Excerpts from a dataset
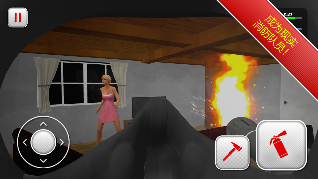 现在你能在大楼内用消防引擎和消防软管灭火,而且它还会带你在复杂的消防员工作环境中更加工作。你需要找到大楼内所有的热点,如果你无法进入火场,你就应该用一把斧子让游戏更加逼真。
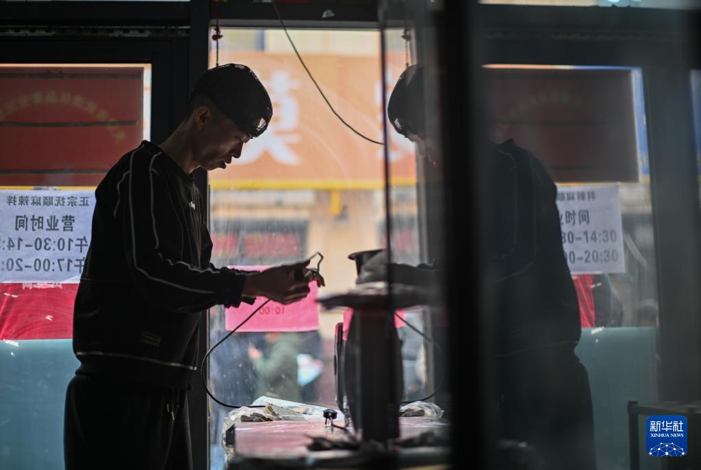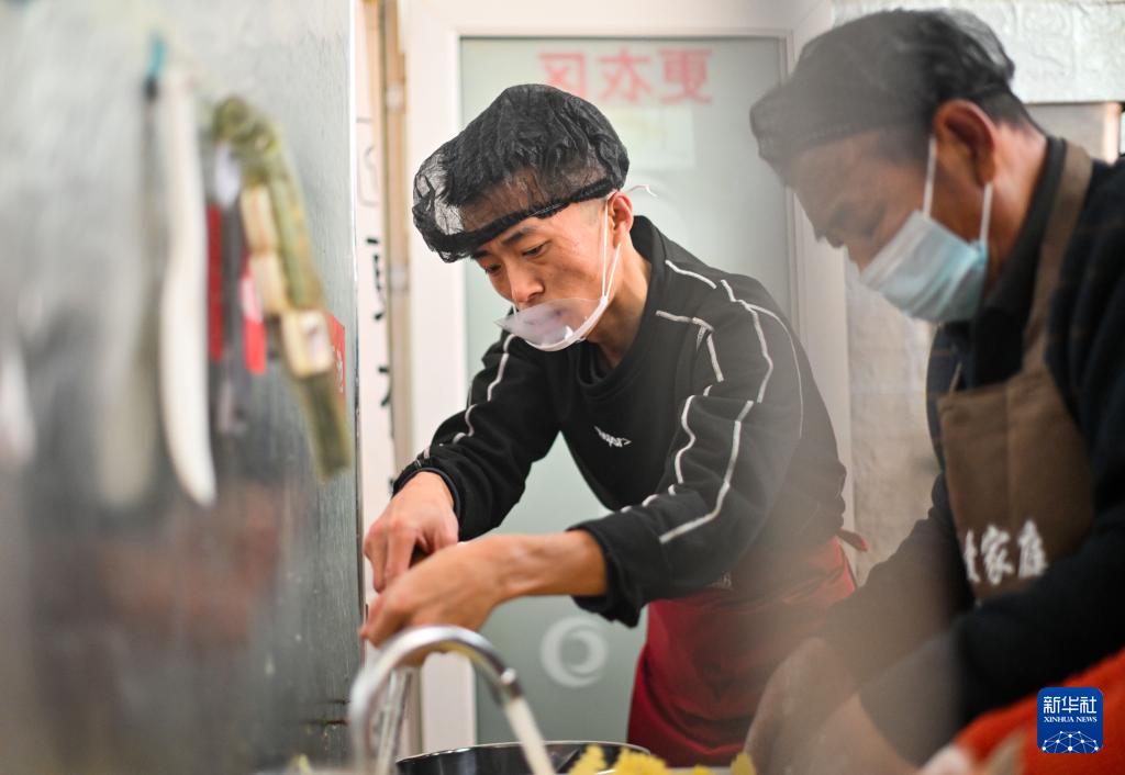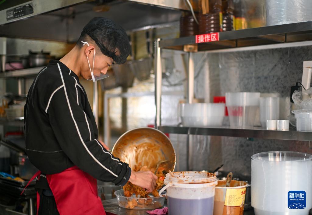 赵磊在店铺后厨忙碌(3月3日摄)。
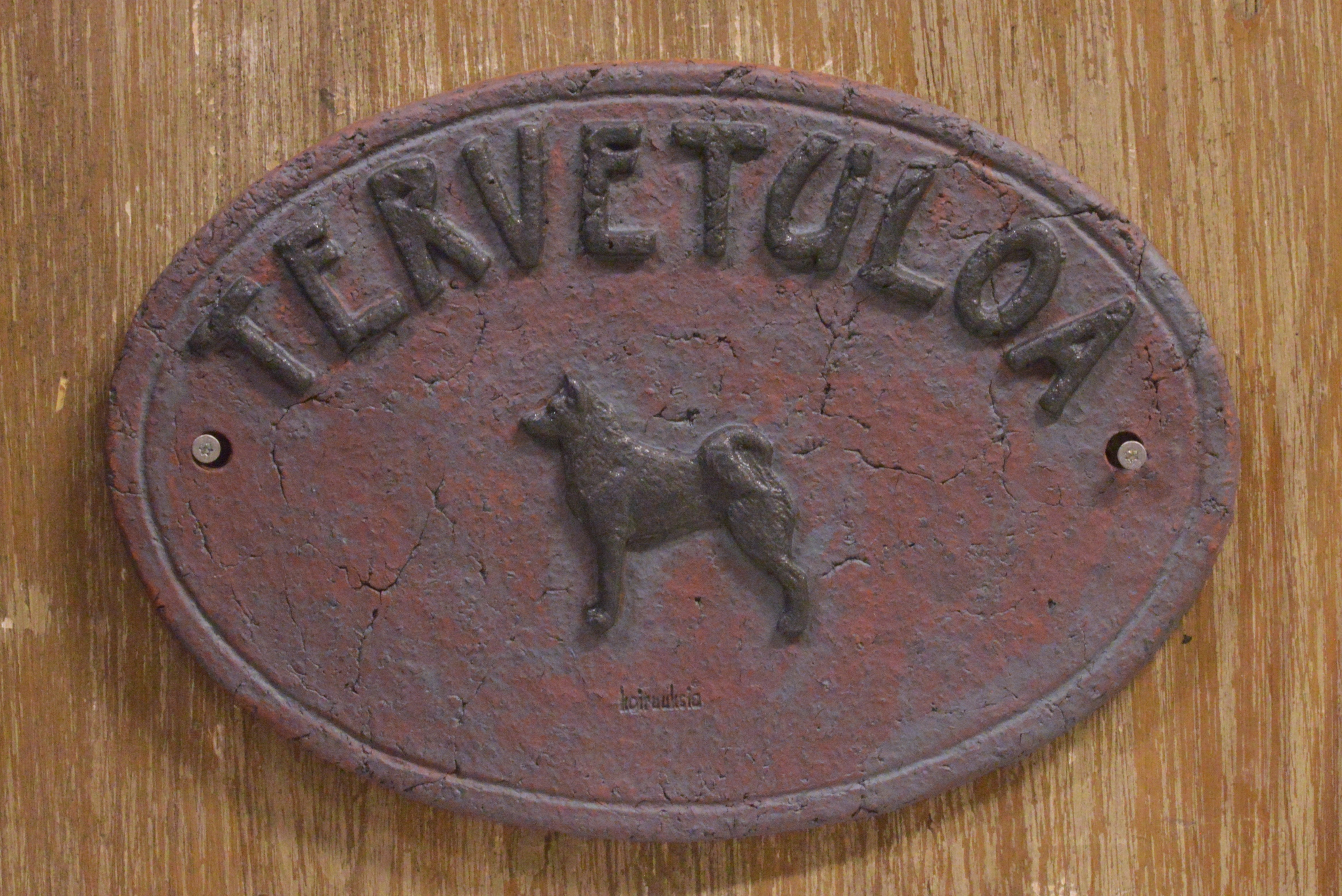 Tervetuloa yms. kyltit. Keramiikkaa, patinoitu. Kyltin koko korkeus 16 cm, leveys 23 cm. Kyltti kiinnitettäväksi seinälle, esim. ovenpieleen.
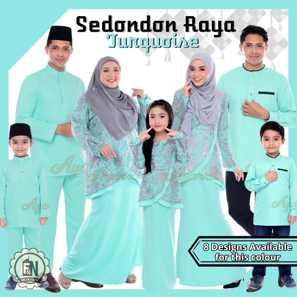 Baju Raya Sedondon Turquoise 2022 T Combo Family Ayanna Baju Melayu Kurung Lace Plussize Shopee Malaysia
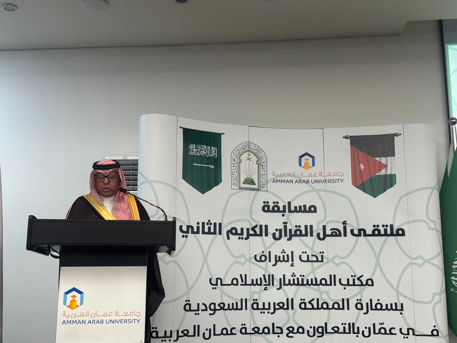 وخلال الحفل الختامي ألقى نائب سفير خادم الحرمين الشريفين في عمّان الأستاذ محمد بن حسن مؤنس كلمةٍ أكد أن المسابقة تأتي امتدادًا لجهود المملكة العربية السعودية في خدمة القرآن الكريم والعناية بحفظته في مختلف أنحاء العالم، تنفيذًا لتوجيهات القيادة الرشيدة ـ حفظها الله ـ في نشر رسالة القرآن الكريم، وترسيخ قيم الوسطية والاعتدال، وتعزيز الروابط الأخوية بين الشعبين الشقيقين.
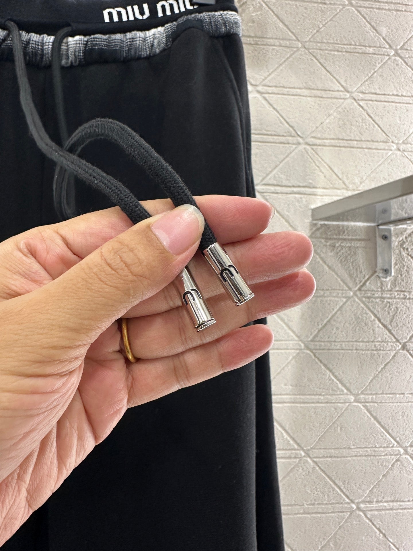 Made of nylon material, the fabric is soft and comfortable, with delicate luster. The high waisted drawstring wide leg pants are designed with three-dimensional cutting and knee position stitching to create a curved knife style pants. The upper body appears slim and the legs are long, with a relaxed and fashionable style. Paired with the iconic embroidered letter logo on the elastic waistband, the brand's style instantly elevates, exuding a high street fashion vibe. A versatile pair of pants for all seasons, suitable for vacation, dating, and daily life 💯。
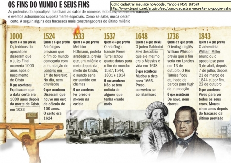 “Ano 1843: O adventista William Miller anunciou o Apocalipse para 3 de abril, depois para 7 de julho, depois 21 de março de 1844 e por fim 22 de outubro. O que aconteceu? Viveu para ver todos os seus erros. Morreu 5 anos depois do fracasso da última previsão”.
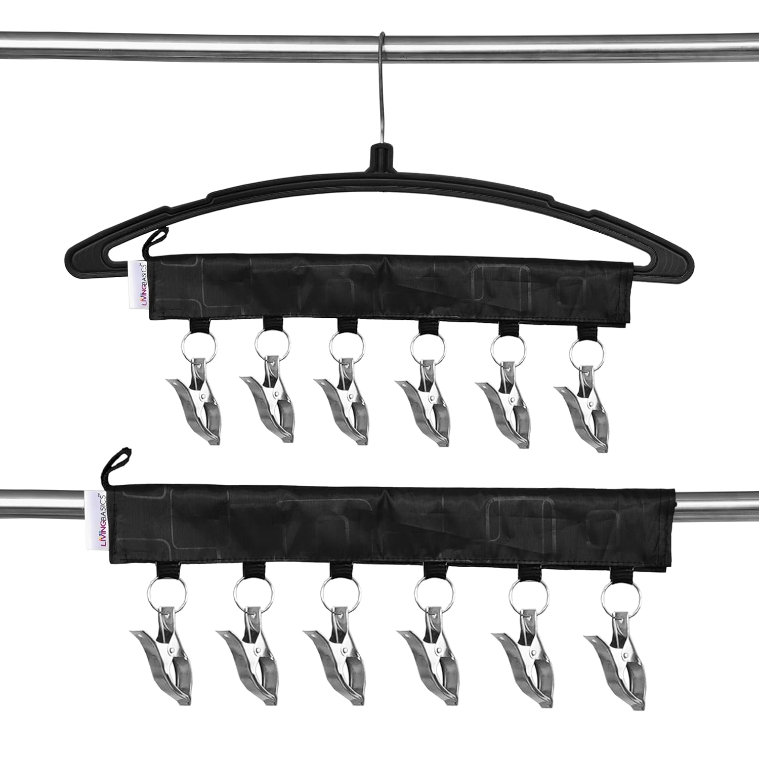 UTILIZE ANYWHERE: Equipped with durable stainless steel clips, our versatile clipper is perfect for securely hanging clothes to dry or for organizing clothing while on the go. Use it on bathroom rods, ropes, wardrobes, cloth drying stands, and even while travelling. Whether you need to hang up wet towels, dry clothes, or keep your outfits organized during travel, these stainless steel clips for clothes are the perfect solution for all your needs
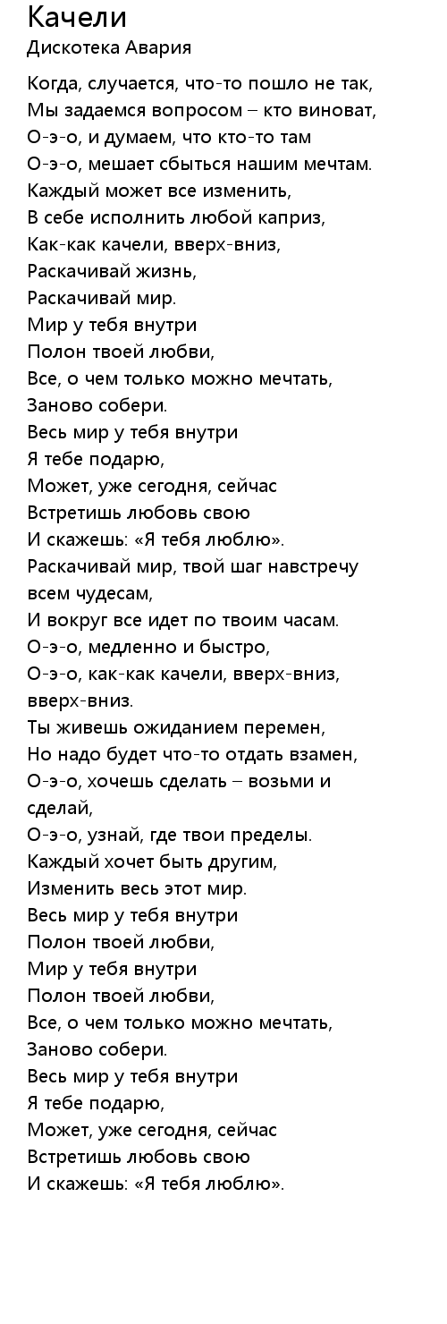 Качели 歌词
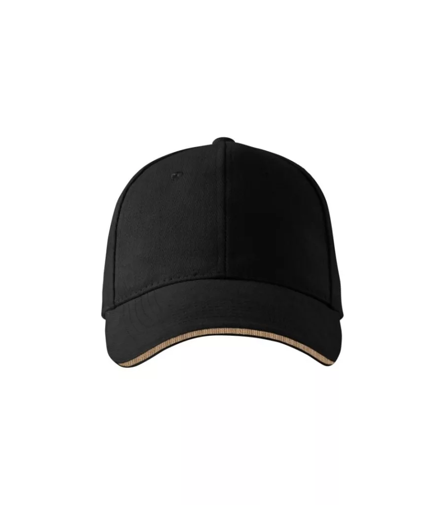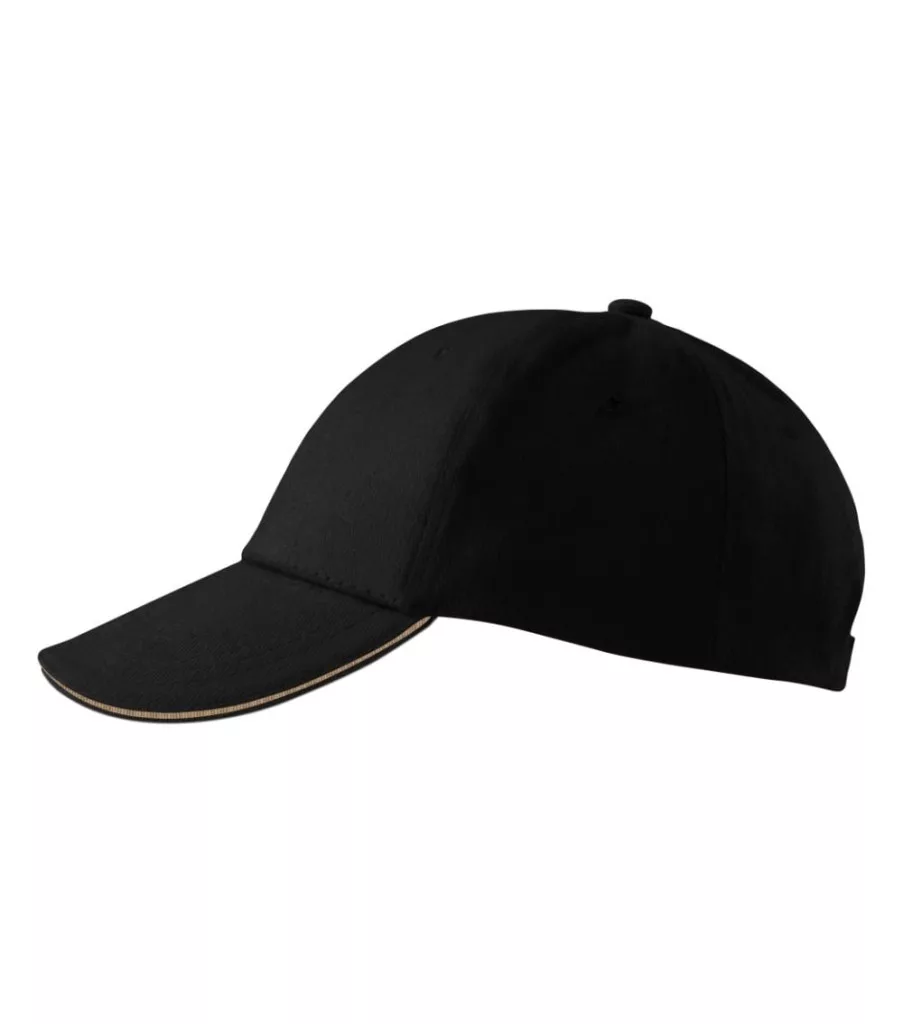 hatpaneles szabás, összekapcsolt 2 első panel, varrott, enyhén hajlított felső rész kontraszt csíkkal, hímzett légáteresztő lyukak, nedvszívó pánt, rézkapcsokkal állítható méret
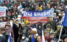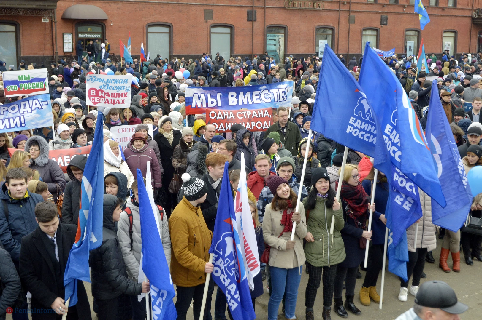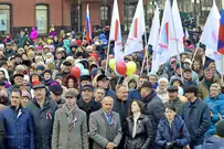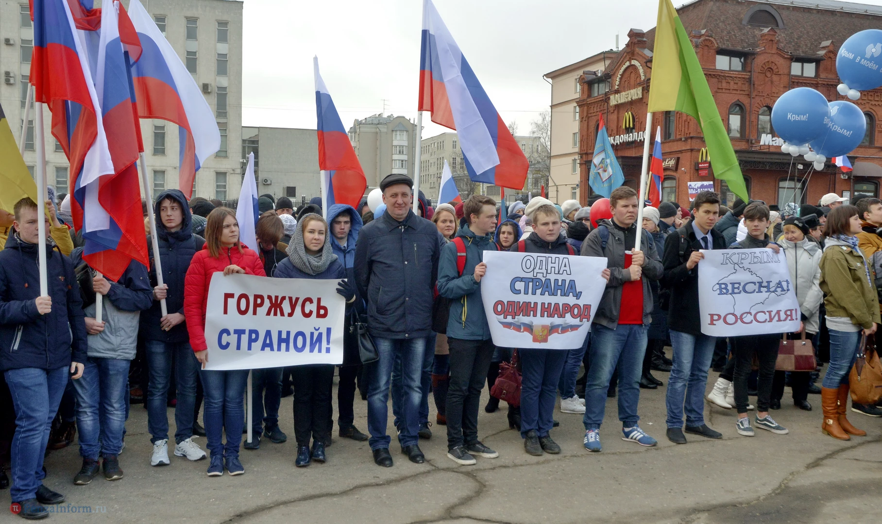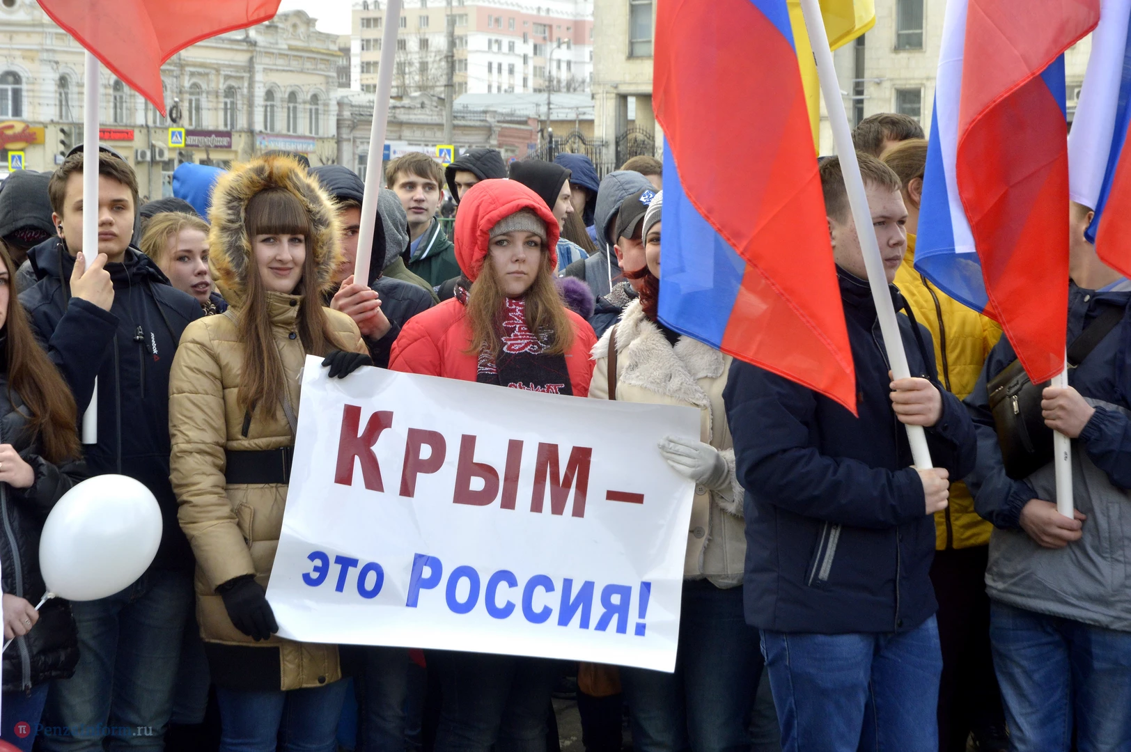 18 марта 2014 года состоялся акт воссоединения нашей страны с Крымом. В честь трехлетия этого события возле здания правительства области провели весеннюю демонстрацию.

> **EXERCISE OBJECTIVE**
All that should appear in the answer is the lines above from the line with "Tervetuloa yms. kyltit." through the line with "Baju Raya Sedondon", retyped exactly, pictures left out.

> **PROBLEM SOLUTION**
 Tervetuloa yms. kyltit. Keramiikkaa, patinoitu. Kyltin koko korkeus 16 cm, leveys 23 cm. Kyltti kiinnitettäväksi seinälle, esim. ovenpieleen.
 Baju Raya Sedondon Turquoise 2022 T Combo Family Ayanna Baju Melayu Kurung Lace Plussize Shopee Malaysia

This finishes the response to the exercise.